• _TASK STATEMENT_: Return the records as they stand. No picture is to be included.
━━━━━━━━━━━━━━━━
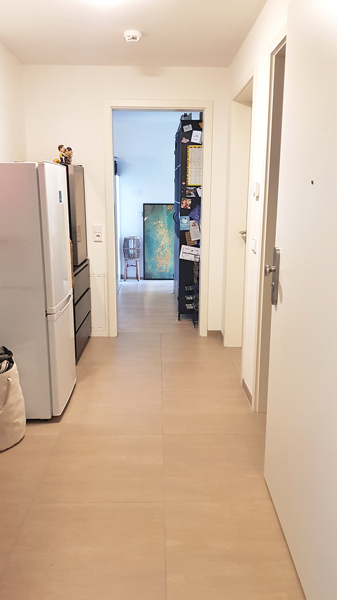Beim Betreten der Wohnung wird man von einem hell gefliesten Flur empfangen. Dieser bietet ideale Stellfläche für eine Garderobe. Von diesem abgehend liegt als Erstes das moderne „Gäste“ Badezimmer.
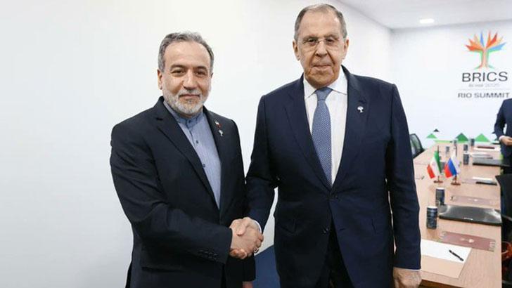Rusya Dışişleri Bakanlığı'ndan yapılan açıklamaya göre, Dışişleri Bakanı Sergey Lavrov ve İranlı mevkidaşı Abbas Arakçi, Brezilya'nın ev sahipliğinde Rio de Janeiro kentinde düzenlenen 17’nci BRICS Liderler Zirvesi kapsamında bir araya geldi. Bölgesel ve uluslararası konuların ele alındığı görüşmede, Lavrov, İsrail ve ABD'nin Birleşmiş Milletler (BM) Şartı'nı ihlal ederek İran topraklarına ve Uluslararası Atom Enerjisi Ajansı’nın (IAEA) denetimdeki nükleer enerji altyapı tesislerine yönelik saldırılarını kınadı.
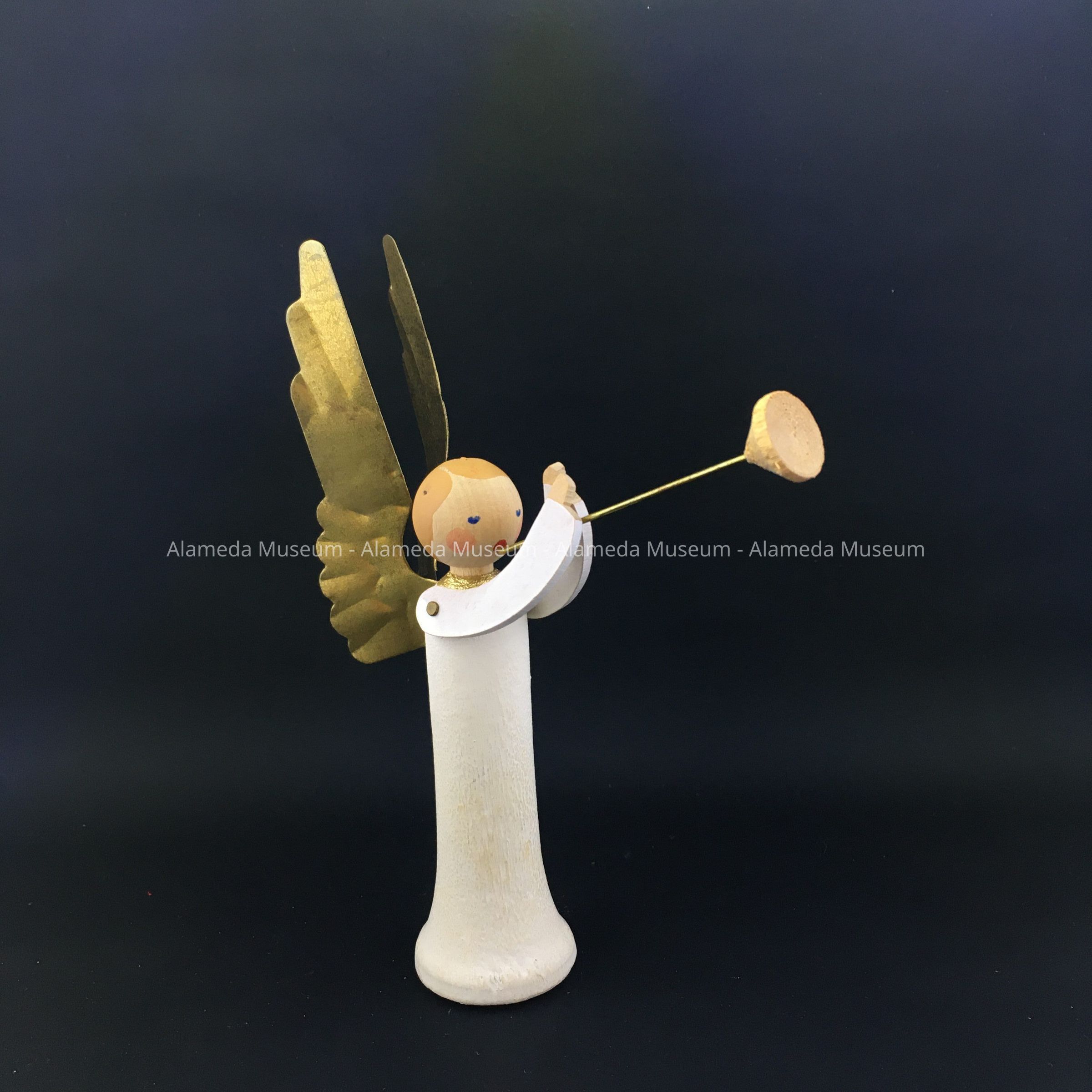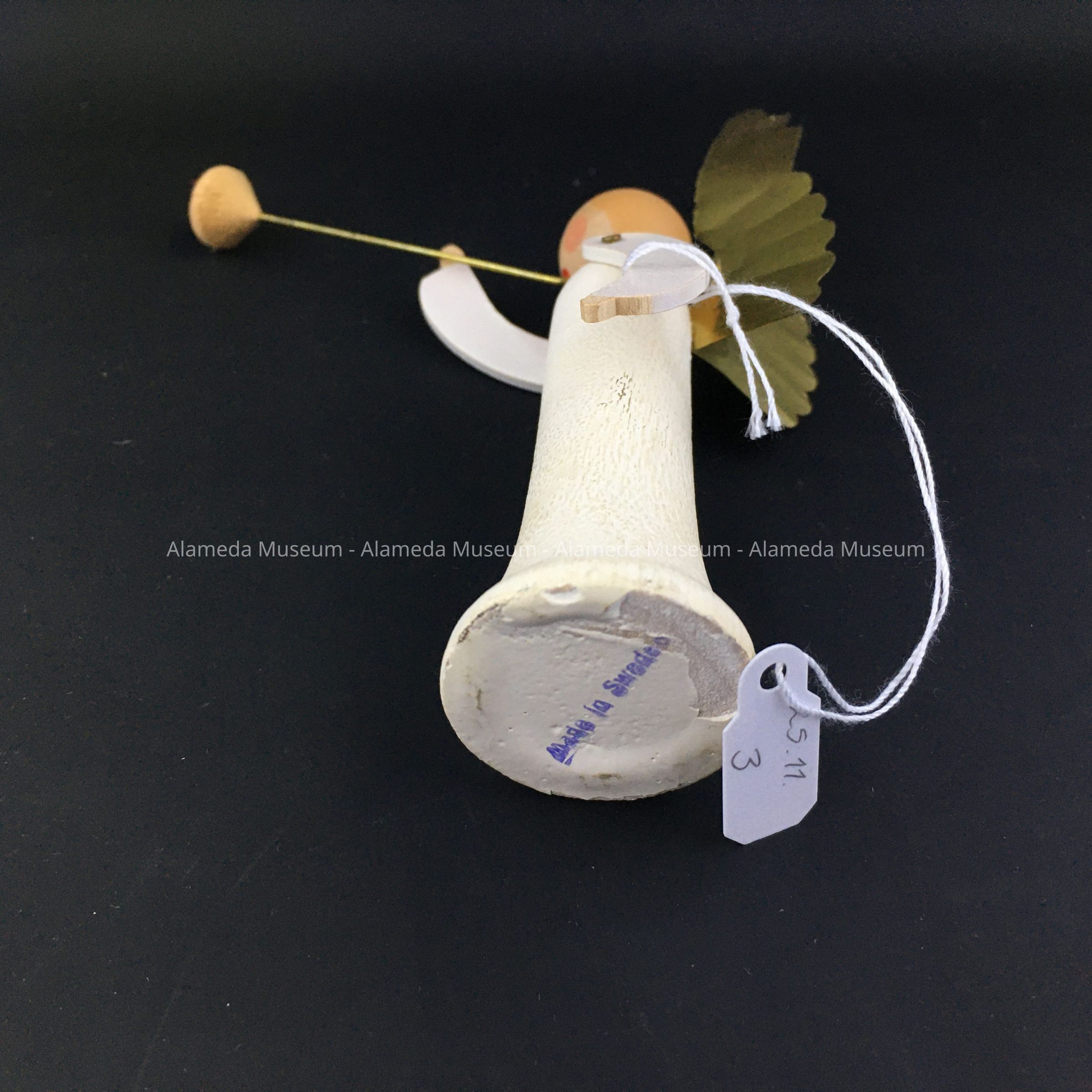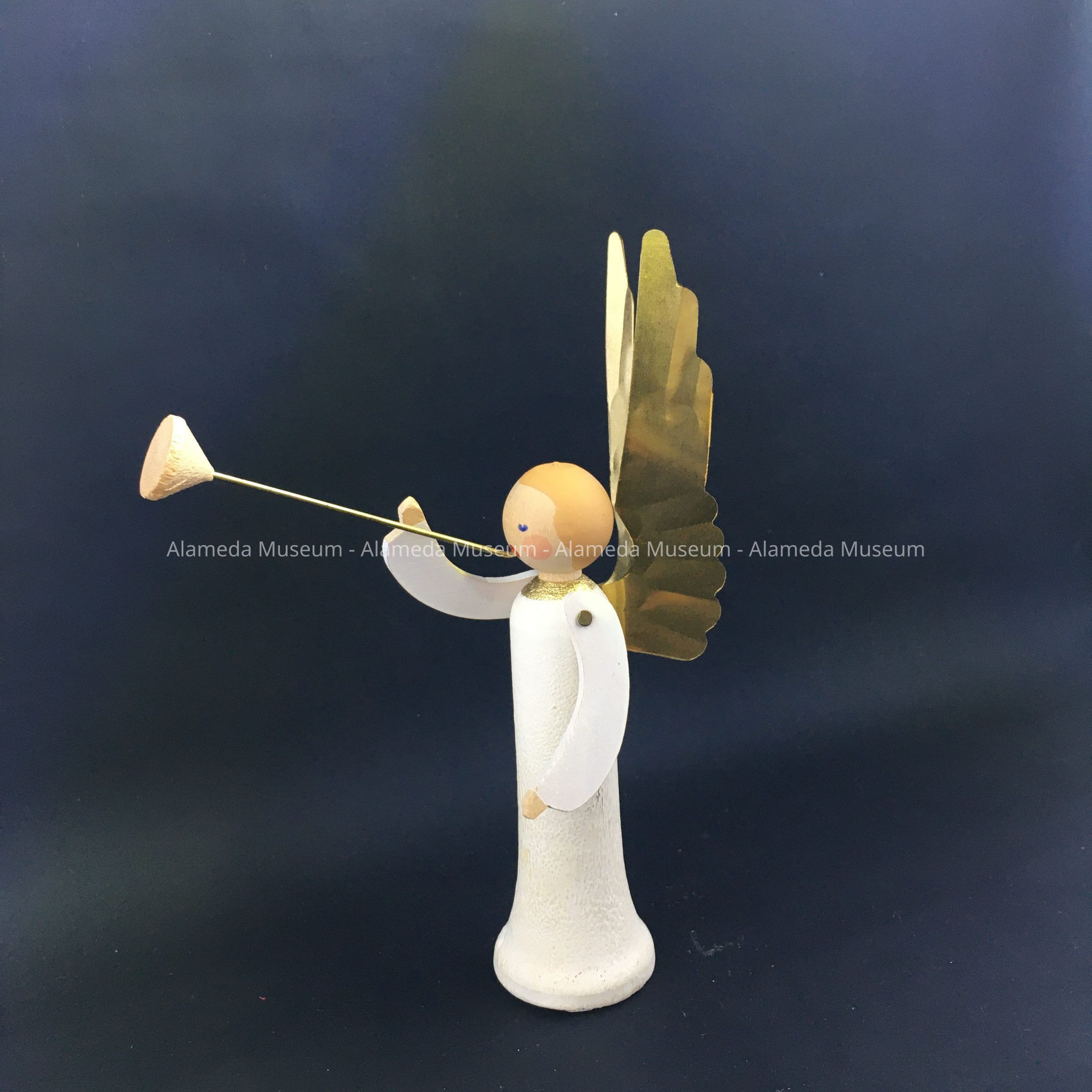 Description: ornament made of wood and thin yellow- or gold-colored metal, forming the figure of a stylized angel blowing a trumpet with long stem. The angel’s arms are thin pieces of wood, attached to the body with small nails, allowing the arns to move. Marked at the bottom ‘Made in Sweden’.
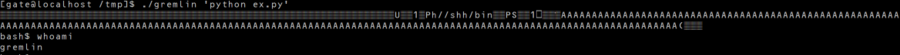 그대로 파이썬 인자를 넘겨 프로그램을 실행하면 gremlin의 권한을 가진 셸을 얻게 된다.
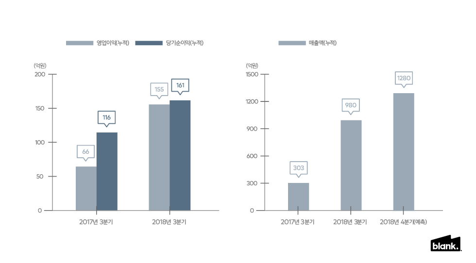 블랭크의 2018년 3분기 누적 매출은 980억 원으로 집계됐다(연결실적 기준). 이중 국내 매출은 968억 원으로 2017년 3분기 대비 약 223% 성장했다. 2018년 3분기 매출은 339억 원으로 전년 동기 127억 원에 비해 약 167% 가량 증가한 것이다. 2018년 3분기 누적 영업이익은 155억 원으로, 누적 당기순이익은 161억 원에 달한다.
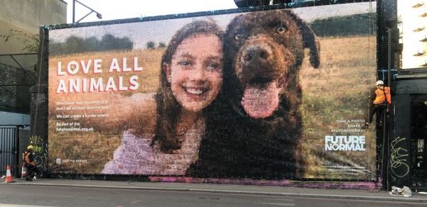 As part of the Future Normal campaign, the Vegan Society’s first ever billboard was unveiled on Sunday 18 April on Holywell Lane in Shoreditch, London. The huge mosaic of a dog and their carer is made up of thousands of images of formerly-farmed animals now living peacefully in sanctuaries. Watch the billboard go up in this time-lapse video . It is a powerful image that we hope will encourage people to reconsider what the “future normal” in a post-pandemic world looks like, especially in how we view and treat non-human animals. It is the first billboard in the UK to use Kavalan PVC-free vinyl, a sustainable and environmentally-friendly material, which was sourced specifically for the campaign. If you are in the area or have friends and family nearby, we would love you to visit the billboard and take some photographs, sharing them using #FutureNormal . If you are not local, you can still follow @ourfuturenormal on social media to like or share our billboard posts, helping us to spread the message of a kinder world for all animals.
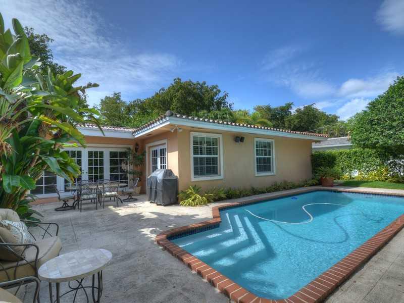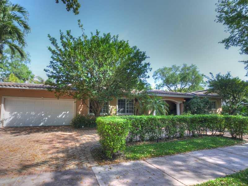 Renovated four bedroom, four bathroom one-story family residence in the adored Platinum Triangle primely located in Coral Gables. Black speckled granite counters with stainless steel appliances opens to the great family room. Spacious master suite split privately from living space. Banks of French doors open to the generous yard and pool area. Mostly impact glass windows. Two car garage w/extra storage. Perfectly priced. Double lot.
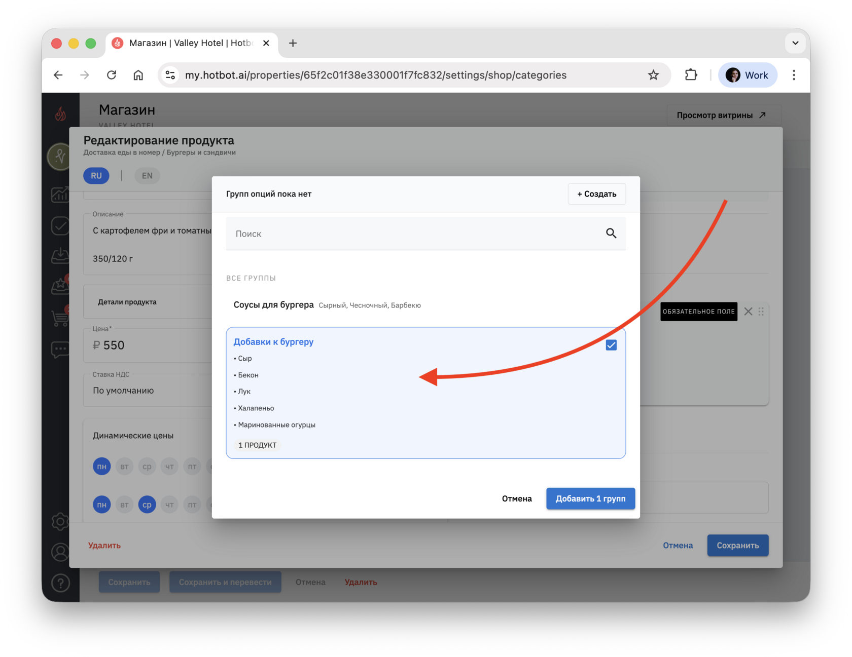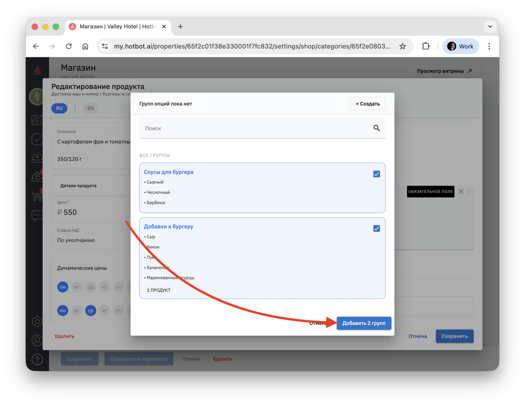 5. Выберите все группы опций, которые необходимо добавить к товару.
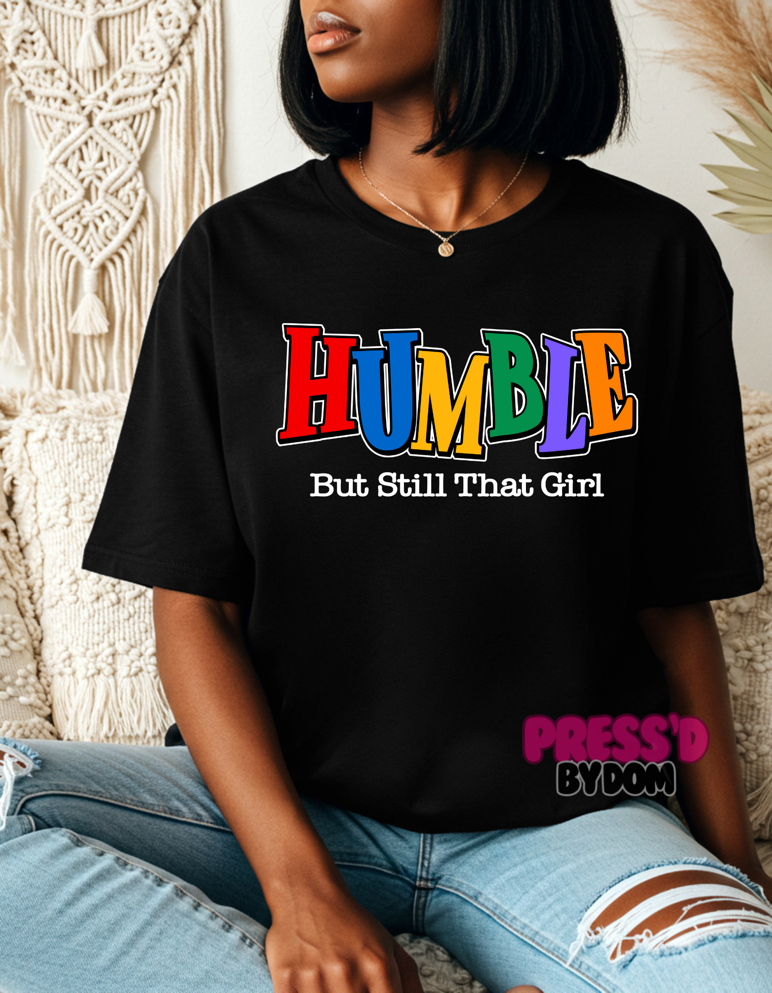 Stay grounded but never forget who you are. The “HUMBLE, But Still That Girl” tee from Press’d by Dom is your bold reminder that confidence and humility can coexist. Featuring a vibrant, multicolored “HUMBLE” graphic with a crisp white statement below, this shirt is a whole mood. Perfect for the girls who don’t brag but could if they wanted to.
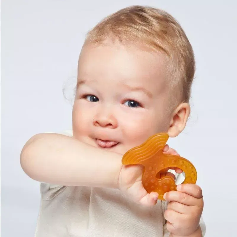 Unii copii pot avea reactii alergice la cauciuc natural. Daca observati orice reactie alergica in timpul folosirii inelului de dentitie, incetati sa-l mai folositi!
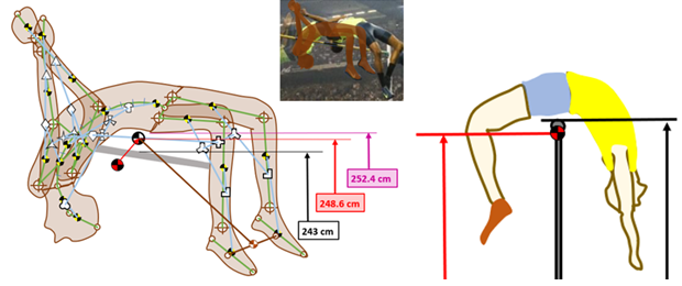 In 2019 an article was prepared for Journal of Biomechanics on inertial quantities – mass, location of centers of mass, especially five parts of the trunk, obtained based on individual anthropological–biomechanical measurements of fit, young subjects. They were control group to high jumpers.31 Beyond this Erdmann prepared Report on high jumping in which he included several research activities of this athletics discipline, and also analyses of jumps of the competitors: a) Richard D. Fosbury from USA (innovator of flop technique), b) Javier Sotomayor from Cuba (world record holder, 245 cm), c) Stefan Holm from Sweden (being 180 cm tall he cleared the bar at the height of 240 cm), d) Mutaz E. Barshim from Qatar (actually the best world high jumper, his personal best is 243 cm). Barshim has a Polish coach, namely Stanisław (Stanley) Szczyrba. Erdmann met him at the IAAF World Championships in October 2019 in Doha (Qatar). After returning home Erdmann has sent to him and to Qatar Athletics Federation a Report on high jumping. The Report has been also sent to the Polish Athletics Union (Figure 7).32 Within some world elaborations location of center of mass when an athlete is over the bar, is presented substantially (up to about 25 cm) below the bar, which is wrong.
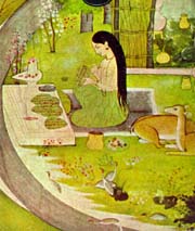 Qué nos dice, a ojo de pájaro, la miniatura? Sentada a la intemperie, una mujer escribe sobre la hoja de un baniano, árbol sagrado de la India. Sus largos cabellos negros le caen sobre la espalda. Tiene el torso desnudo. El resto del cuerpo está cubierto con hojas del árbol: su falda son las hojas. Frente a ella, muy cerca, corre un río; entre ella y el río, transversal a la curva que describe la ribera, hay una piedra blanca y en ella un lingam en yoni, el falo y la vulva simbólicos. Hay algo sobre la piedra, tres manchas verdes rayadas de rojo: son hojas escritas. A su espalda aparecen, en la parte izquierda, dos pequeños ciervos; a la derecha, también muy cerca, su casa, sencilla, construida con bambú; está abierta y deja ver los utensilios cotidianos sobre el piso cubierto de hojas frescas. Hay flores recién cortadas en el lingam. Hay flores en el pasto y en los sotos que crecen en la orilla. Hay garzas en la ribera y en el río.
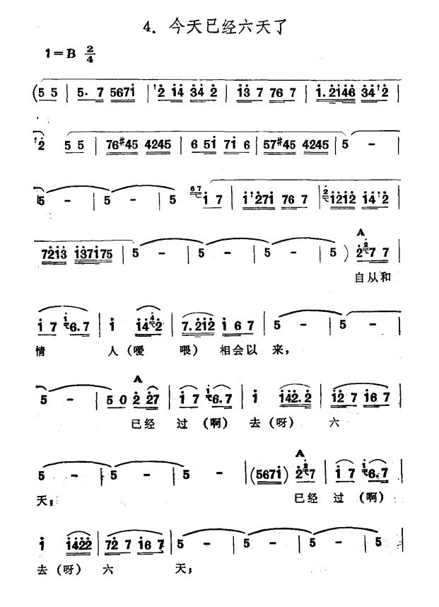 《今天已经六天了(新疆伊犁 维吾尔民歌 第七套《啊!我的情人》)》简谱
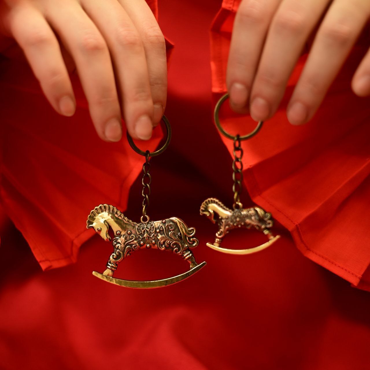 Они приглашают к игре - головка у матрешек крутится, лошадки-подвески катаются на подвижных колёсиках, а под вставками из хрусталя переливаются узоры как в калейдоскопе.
━━━━━━━━━━━━━━━━
• _SOLUTION FOR THIS PROBLEM_:
Beim Betreten der Wohnung wird man von einem hell gefliesten Flur empfangen. Dieser bietet ideale Stellfläche für eine Garderobe. Von diesem abgehend liegt als Erstes das moderne „Gäste“ Badezimmer.
Rusya Dışişleri Bakanlığı'ndan yapılan açıklamaya göre, Dışişleri Bakanı Sergey Lavrov ve İranlı mevkidaşı Abbas Arakçi, Brezilya'nın ev sahipliğinde Rio de Janeiro kentinde düzenlenen 17’nci BRICS Liderler Zirvesi kapsamında bir araya geldi. Bölgesel ve uluslararası konuların ele alındığı görüşmede, Lavrov, İsrail ve ABD'nin Birleşmiş Milletler (BM) Şartı'nı ihlal ederek İran topraklarına ve Uluslararası Atom Enerjisi Ajansı’nın (IAEA) denetimdeki nükleer enerji altyapı tesislerine yönelik saldırılarını kınadı.
 Description: ornament made of wood and thin yellow- or gold-colored metal, forming the figure of a stylized angel blowing a trumpet with long stem. The angel’s arms are thin pieces of wood, attached to the body with small nails, allowing the arns to move. Marked at the bottom ‘Made in Sweden’.
 그대로 파이썬 인자를 넘겨 프로그램을 실행하면 gremlin의 권한을 가진 셸을 얻게 된다.
 블랭크의 2018년 3분기 누적 매출은 980억 원으로 집계됐다(연결실적 기준). 이중 국내 매출은 968억 원으로 2017년 3분기 대비 약 223% 성장했다. 2018년 3분기 매출은 339억 원으로 전년 동기 127억 원에 비해 약 167% 가량 증가한 것이다. 2018년 3분기 누적 영업이익은 155억 원으로, 누적 당기순이익은 161억 원에 달한다.
 As part of the Future Normal campaign, the Vegan Society’s first ever billboard was unveiled on Sunday 18 April on Holywell Lane in Shoreditch, London. The huge mosaic of a dog and their carer is made up of thousands of images of formerly-farmed animals now living peacefully in sanctuaries. Watch the billboard go up in this time-lapse video . It is a powerful image that we hope will encourage people to reconsider what the “future normal” in a post-pandemic world looks like, especially in how we view and treat non-human animals. It is the first billboard in the UK to use Kavalan PVC-free vinyl, a sustainable and environmentally-friendly material, which was sourced specifically for the campaign. If you are in the area or have friends and family nearby, we would love you to visit the billboard and take some photographs, sharing them using #FutureNormal . If you are not local, you can still follow @ourfuturenormal on social media to like or share our billboard posts, helping us to spread the message of a kinder world for all animals.
 Renovated four bedroom, four bathroom one-story family residence in the adored Platinum Triangle primely located in Coral Gables. Black speckled granite counters with stainless steel appliances opens to the great family room. Spacious master suite split privately from living space. Banks of French doors open to the generous yard and pool area. Mostly impact glass windows. Two car garage w/extra storage. Perfectly priced. Double lot.
 5. Выберите все группы опций, которые необходимо добавить к товару.
 Stay grounded but never forget who you are. The “HUMBLE, But Still That Girl” tee from Press’d by Dom is your bold reminder that confidence and humility can coexist. Featuring a vibrant, multicolored “HUMBLE” graphic with a crisp white statement below, this shirt is a whole mood. Perfect for the girls who don’t brag but could if they wanted to.
 Unii copii pot avea reactii alergice la cauciuc natural. Daca observati orice reactie alergica in timpul folosirii inelului de dentitie, incetati sa-l mai folositi!
 In 2019 an article was prepared for Journal of Biomechanics on inertial quantities – mass, location of centers of mass, especially five parts of the trunk, obtained based on individual anthropological–biomechanical measurements of fit, young subjects. They were control group to high jumpers.31 Beyond this Erdmann prepared Report on high jumping in which he included several research activities of this athletics discipline, and also analyses of jumps of the competitors: a) Richard D. Fosbury from USA (innovator of flop technique), b) Javier Sotomayor from Cuba (world record holder, 245 cm), c) Stefan Holm from Sweden (being 180 cm tall he cleared the bar at the height of 240 cm), d) Mutaz E. Barshim from Qatar (actually the best world high jumper, his personal best is 243 cm). Barshim has a Polish coach, namely Stanisław (Stanley) Szczyrba. Erdmann met him at the IAAF World Championships in October 2019 in Doha (Qatar). After returning home Erdmann has sent to him and to Qatar Athletics Federation a Report on high jumping. The Report has been also sent to the Polish Athletics Union (Figure 7).32 Within some world elaborations location of center of mass when an athlete is over the bar, is presented substantially (up to about 25 cm) below the bar, which is wrong.
 Qué nos dice, a ojo de pájaro, la miniatura? Sentada a la intemperie, una mujer escribe sobre la hoja de un baniano, árbol sagrado de la India. Sus largos cabellos negros le caen sobre la espalda. Tiene el torso desnudo. El resto del cuerpo está cubierto con hojas del árbol: su falda son las hojas. Frente a ella, muy cerca, corre un río; entre ella y el río, transversal a la curva que describe la ribera, hay una piedra blanca y en ella un lingam en yoni, el falo y la vulva simbólicos. Hay algo sobre la piedra, tres manchas verdes rayadas de rojo: son hojas escritas. A su espalda aparecen, en la parte izquierda, dos pequeños ciervos; a la derecha, también muy cerca, su casa, sencilla, construida con bambú; está abierta y deja ver los utensilios cotidianos sobre el piso cubierto de hojas frescas. Hay flores recién cortadas en el lingam. Hay flores en el pasto y en los sotos que crecen en la orilla. Hay garzas en la ribera y en el río.
 《今天已经六天了(新疆伊犁 维吾尔民歌 第七套《啊!我的情人》)》简谱
 Они приглашают к игре - головка у матрешек крутится, лошадки-подвески катаются на подвижных колёсиках, а под вставками из хрусталя переливаются узоры как в калейдоскопе.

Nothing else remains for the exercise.